- INSTRUCTIONS FOR THE TASK: What is needed is an exact copy of the whole listing below, with no pictures.

- SUPPLIED DATA:
---

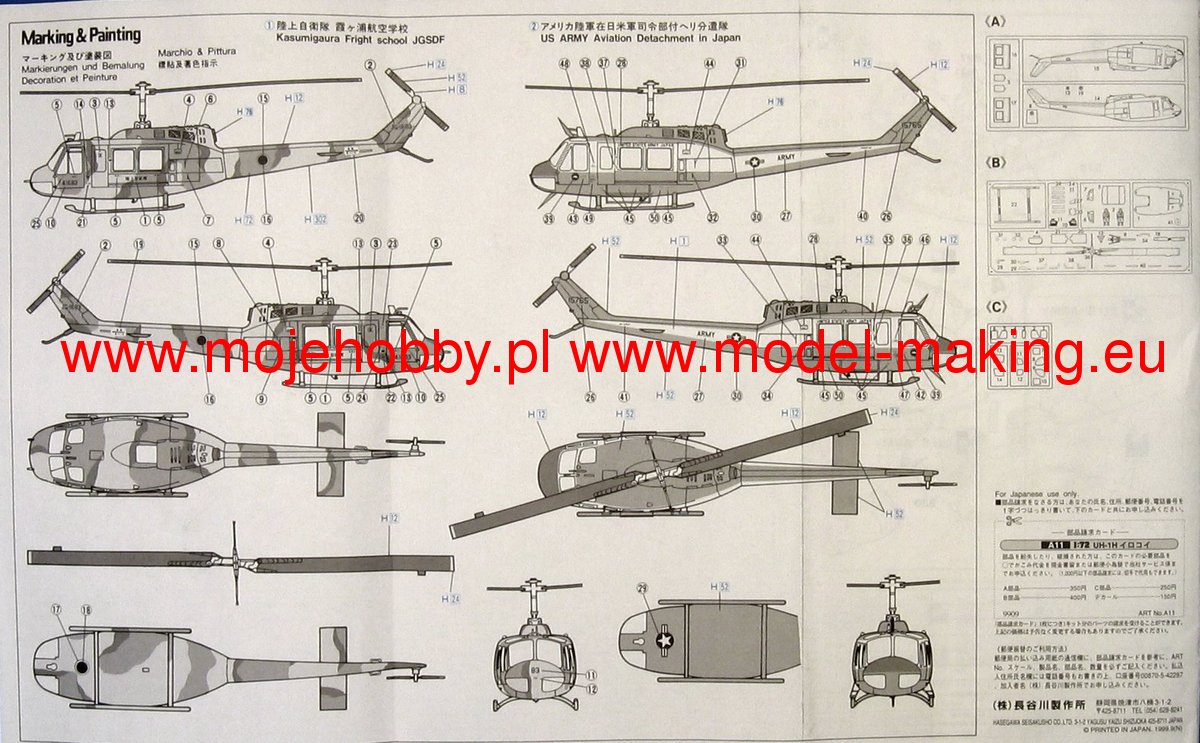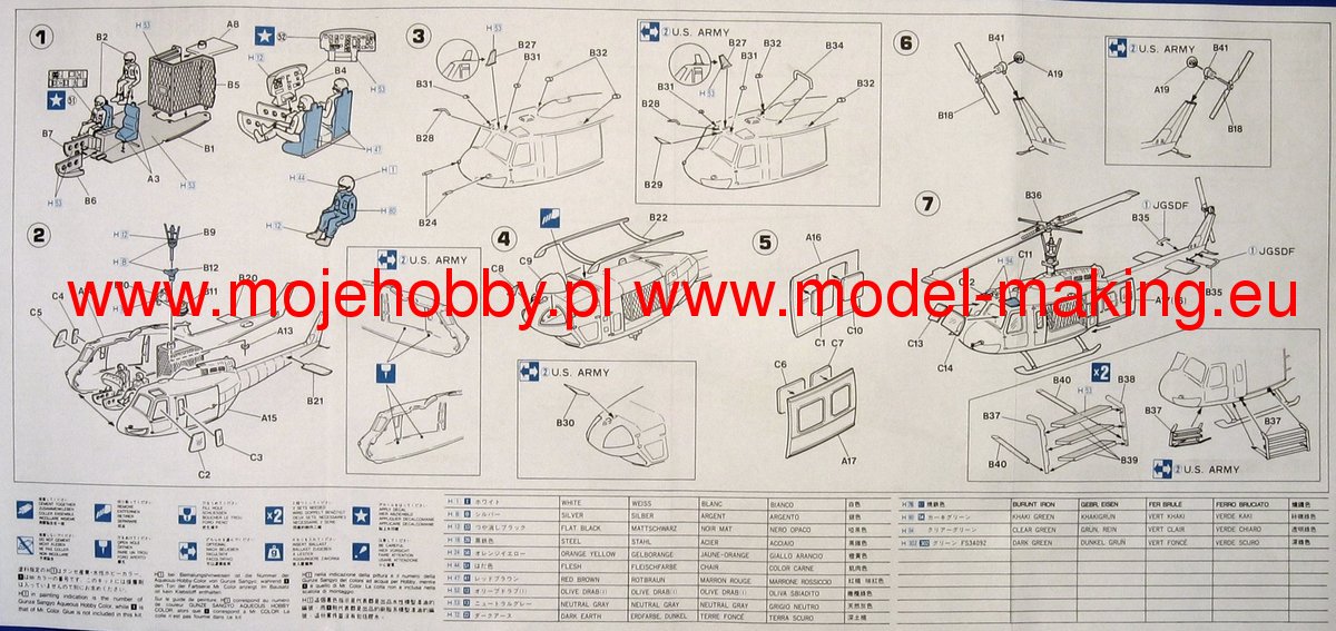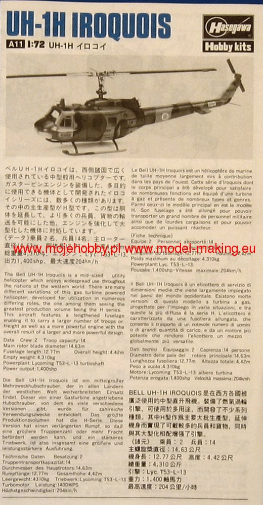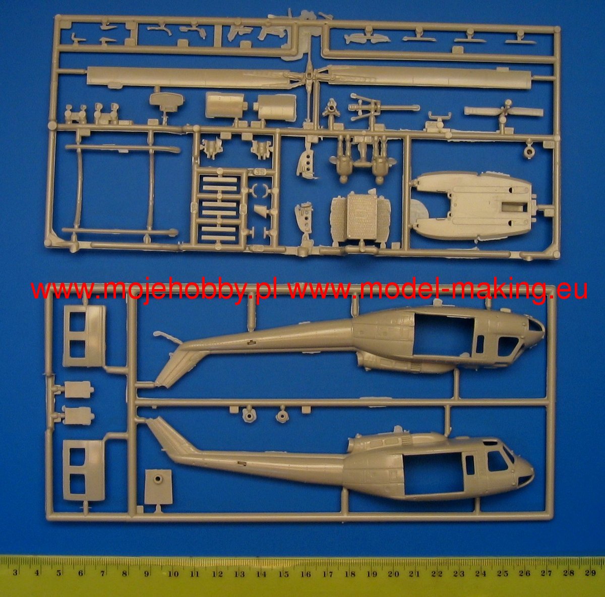 Bell UH-1 Iroquois (commonly known as Huey) is a multirole helicopter of American production from the Cold War and modern times. The flight of the prototype took place in 1956, and the machine entered service in 1959. The helicopter - in the UH-1D version - has a total length of 17.4 m, and the diameter of its main rotor is 14.6 meters. The drive is provided by a single 1100 HP Lycoming T-53-L-11 engine. Its maximum speed in horizontal flight reaches 220 km / h. The helicopter has a classic layout with a single main rotor and a propeller on the tail boom. Work on the Bell UH-1 machine, commonly known as the Huey, started in the early 1950s, when the US Army reported a need for a new transport, medical evacuation (MEDAVAC) and multi-role helicopter. The emphasis is on the simplest and classic design as well as high reliability. Bell UH-1 helicopters performed very well during the Vietnam War (1964 / 1965-1975), where they underwent their baptism of fire. Due to their indiscriminate use in this conflict, they have almost become a symbol of this war. In the course of production, many development versions of this helicopter were created, among which the following can be indicated: UH-1 C (version adapted to take small arms and unguided rockets and with a more powerful engine compared to versions A and B), UH-1 D ( basic, transport, production version) or UH-1H (an improved D version with a more powerful drive unit). It is worth noting that the UH-1Y Venom version was also created, but due to the number of upgrades and improvements, it should rather be viewed as a separate helicopter model. The Bell UH-1 helicopter has gained enormous popularity and in various versions has been or is still operated by countries such as: Argentina, Brazil, Bolivia, Chile, Georgia, Japan, Germany and Italy.
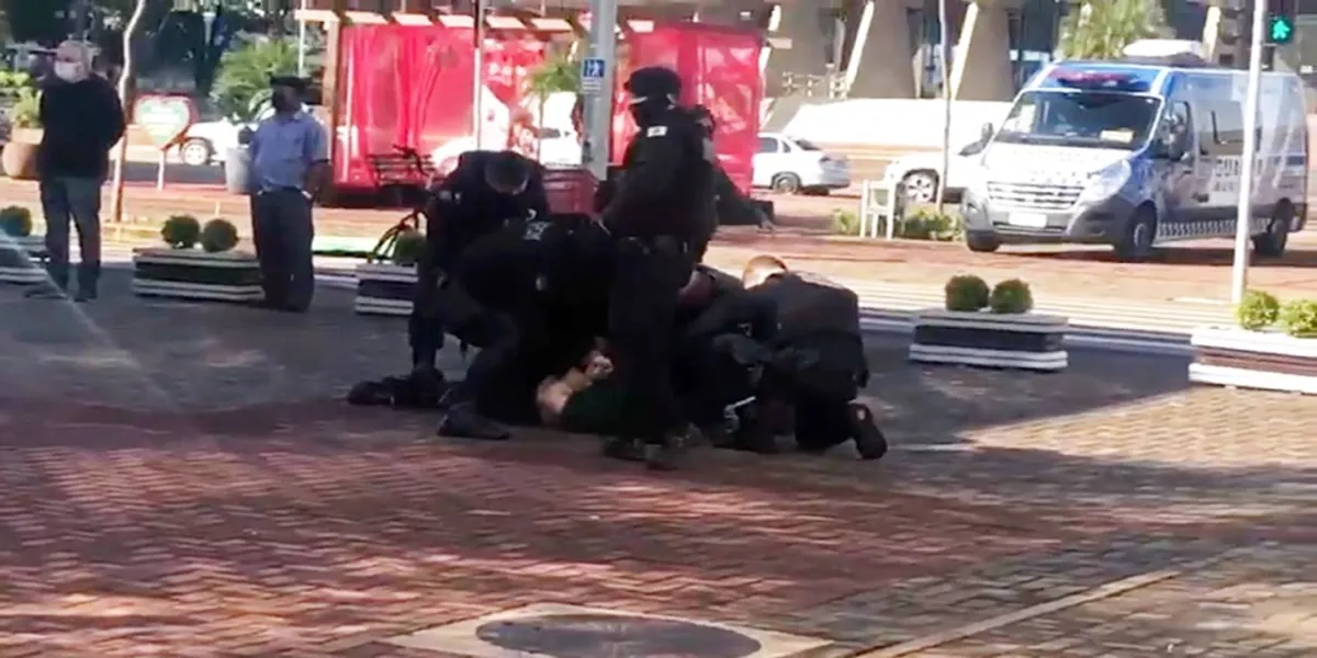 Homens não usam máscara, causam tumulto e são detidos pela GM, durante fiscalização no centro
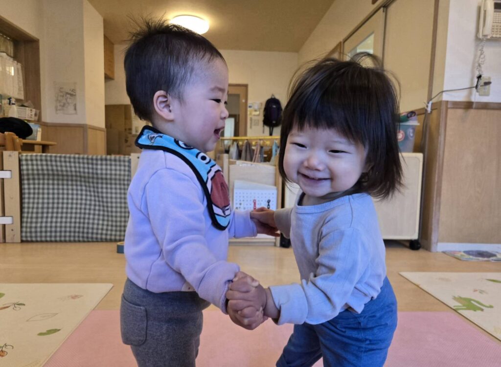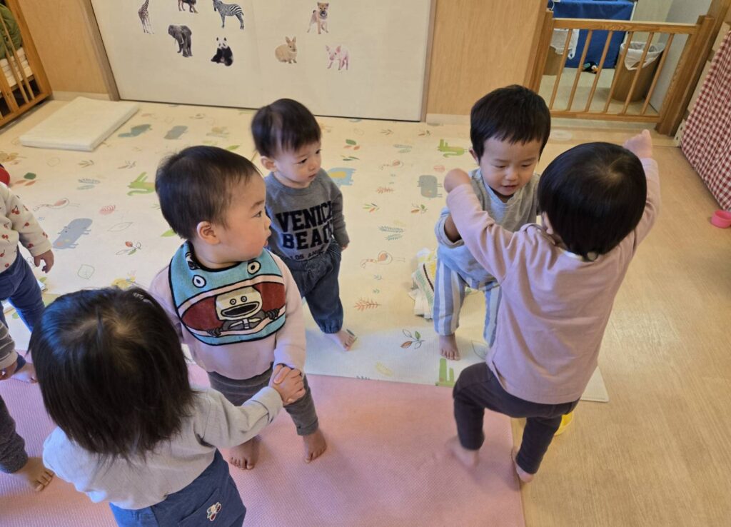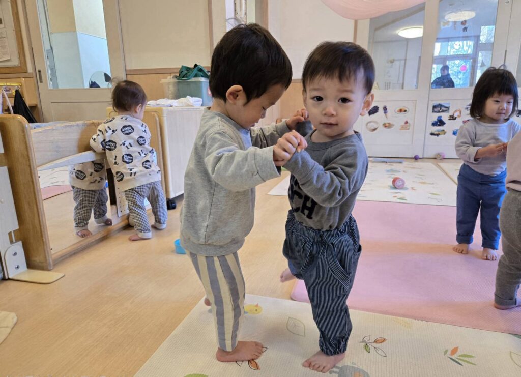 始めた頃は、保育者と二人組になって遊んでいたのですが、今ではお友だちと向かい合って両手で繋げるようになってきました。
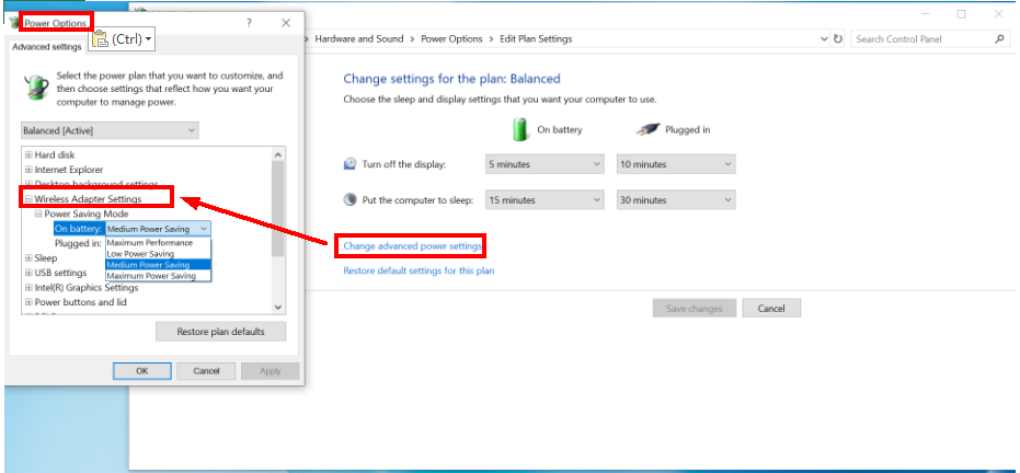 Expand Wireless Adapter Settings, expand Power Saving Mode, and set On battery and Plugged in to Maximum Performance.

---

- EXERCISE RESPONSE:
 Bell UH-1 Iroquois (commonly known as Huey) is a multirole helicopter of American production from the Cold War and modern times. The flight of the prototype took place in 1956, and the machine entered service in 1959. The helicopter - in the UH-1D version - has a total length of 17.4 m, and the diameter of its main rotor is 14.6 meters. The drive is provided by a single 1100 HP Lycoming T-53-L-11 engine. Its maximum speed in horizontal flight reaches 220 km / h. The helicopter has a classic layout with a single main rotor and a propeller on the tail boom. Work on the Bell UH-1 machine, commonly known as the Huey, started in the early 1950s, when the US Army reported a need for a new transport, medical evacuation (MEDAVAC) and multi-role helicopter. The emphasis is on the simplest and classic design as well as high reliability. Bell UH-1 helicopters performed very well during the Vietnam War (1964 / 1965-1975), where they underwent their baptism of fire. Due to their indiscriminate use in this conflict, they have almost become a symbol of this war. In the course of production, many development versions of this helicopter were created, among which the following can be indicated: UH-1 C (version adapted to take small arms and unguided rockets and with a more powerful engine compared to versions A and B), UH-1 D ( basic, transport, production version) or UH-1H (an improved D version with a more powerful drive unit). It is worth noting that the UH-1Y Venom version was also created, but due to the number of upgrades and improvements, it should rather be viewed as a separate helicopter model. The Bell UH-1 helicopter has gained enormous popularity and in various versions has been or is still operated by countries such as: Argentina, Brazil, Bolivia, Chile, Georgia, Japan, Germany and Italy.
 Homens não usam máscara, causam tumulto e são detidos pela GM, durante fiscalização no centro
 始めた頃は、保育者と二人組になって遊んでいたのですが、今ではお友だちと向かい合って両手で繋げるようになってきました。
 Expand Wireless Adapter Settings, expand Power Saving Mode, and set On battery and Plugged in to Maximum Performance.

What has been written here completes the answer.